The state Department of Health is set to issue a report soon on how the state’s four adult psychiatric hospitals are doing.

Commissioner Shereef Elnahal told ROI-NJ the report will include a number of policies and regulatory recommendations, which would need the support of the Legislature and Gov. Phil Murphy to put in place.

“We’re about to release a nine-month progress report in our 18-month plan that’s going to go through all of our improvements,” Elnahal said.

“Just to give you a teaser of that, (there’s been) over a 30 percent reduction of violent episodes and assaults from last year. So, this is comparing the beginning of the administration to now.”

The statistic matches a quarter-over-quarter comparison from January 2017 to January 2018, when Elnahal first announced the action plan in August 2018.

The report will include both highlights and areas the state has more work to do, Elnahal said.

“I took what I had learned in quality improvement at the VA (U.S. Department of Veterans Affairs) — we brought it to the state psychiatric hospitals,” Elnahal said.

The DOH’s 18-month plan is focused on an analysis of the hospitals, as a result of a focus on the psychiatric facilities that began under Gov. Chris Christie’s administration.

“The intent of the analysis was to provide an assessment of the organizational and operational issues affecting each psychiatric hospital, and to provide recommendations to meet the challenges with the overall goals of achieving the most important objective: improving the quality of patient care delivered to service recipients,” according to the plan in August.

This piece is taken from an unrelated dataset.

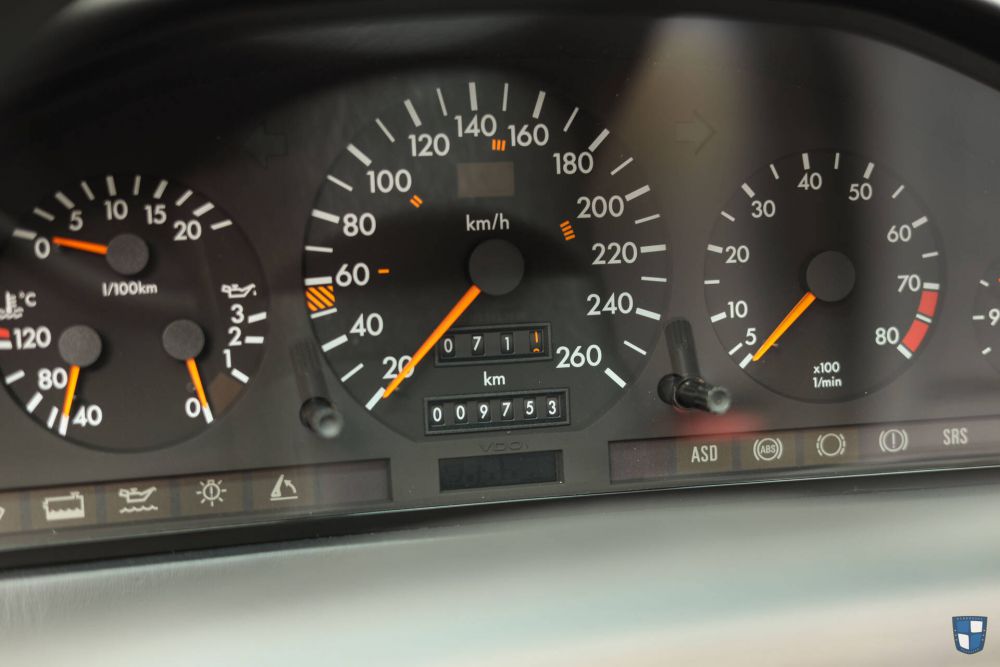 Wow, just 9753 kilometers on this amazing R129 300 SL-24. This 300SL-24 was first registered on the 18th of March 1993 and delivered through Mercedes dealership Antares S.p.A in Parma, northern Italy to Mr. Ciobani from Parma. Ordered in 744 Brilliant Silver over 271 Black leather. Furthermore:

“The scope of the engagement included: review of the current inventory of services, human resources and staffing assessments, clinical issues, operations issues, governance and administration functions, finance, and physical plant issues.”

Elnahal said in August that the goal of the plan was to have the psychiatric hospitals, which have come under the spotlight as the opioid crisis hit the state, operate like other acute care hospitals.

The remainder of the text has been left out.